Jeffrey mengaku bursa sudah melakukan tindakan tegas kepada karyawan yang menerima gratifikasi hingga penyimpangan lain. Menurutnya, pemecatan karyawan yang dilakukan bursa merupakan salah satu upaya bursa dalam memberantas aksi kecurangan.
"Yang menjadi kewenangan kami adalah memberikan sanksi kepada karyawan kami dan itu sudah kami lakukan, tidak ada kecolongan," kata Jeffrey kepada wartawan di Bursa Efek Indonesia, Senin (2/9).
Jeffrey juga memastikan IPO yang sudah berjalan sebelumnya tidak bermasalah. Sebab sebuah proses IPO emiten dilakukan dengan pengawasan yang ketat dan Otoritas Jasa Keuangan (OJK) bahkan turun tangan untuk melakukan penilaian kualitas calon emiten.
Sekretaris Perusahaan BEI Kautsar Primadi Nurahmad sebelumnya membenarkan bahwa telah terjadi pelanggaran etika yang melibatkan oknum karyawan bursa.
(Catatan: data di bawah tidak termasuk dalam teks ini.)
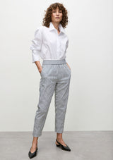Discover Mela Purdie's Indigo Stripe Popiline fabric, a two- tone vertical stripe, cotton, elastane blend with high stretch and a polished finish. The Nomad Pant features a tapered fit with a wide elasticated waistband

Oleh sebab itu, BEI telah melakukan tindakan disiplin sesuai dengan prosedur serta kebijakan yang berlaku.
“BEI berkomitmen memenuhi prinsip good corporate governance melalui penerapan Sistem Manajemen Anti Penyuapan (SMAP) melalui implementasi ISO 37001:2016,” tulis Kautsar dalam keterangan resminya, Senin (26/8).
Sebelumnya berdasarkan surat yang beredar, sejumlah karyawan Divisi Penilaian Perusahaan BEI diduga meminta imbalan berupa uang untuk memfasilitasi pencatatan saham emiten di BEI.
Nilai gratifikasi tersebut dilaporkan mencapai ratusan juta hingga miliaran rupiah per emiten, dan telah berlangsung selama beberapa tahun.
Praktik gratifikasi ini melibatkan beberapa emiten yang saat ini sahamnya telah tercatat di bursa. Selain itu, imbalan uang yang diterima oleh para oknum berkisar antara ratusan juta hingga satu miliar rupiah untuk setiap emiten.
Lebih jauh, dalam pemeriksaan ditemukan bahwa para oknum tersebut diduga membentuk perusahaan jasa penasihat secara terorganisir. Dari perusahaan ini, terakumulasi dana sekitar Rp 20 miliar.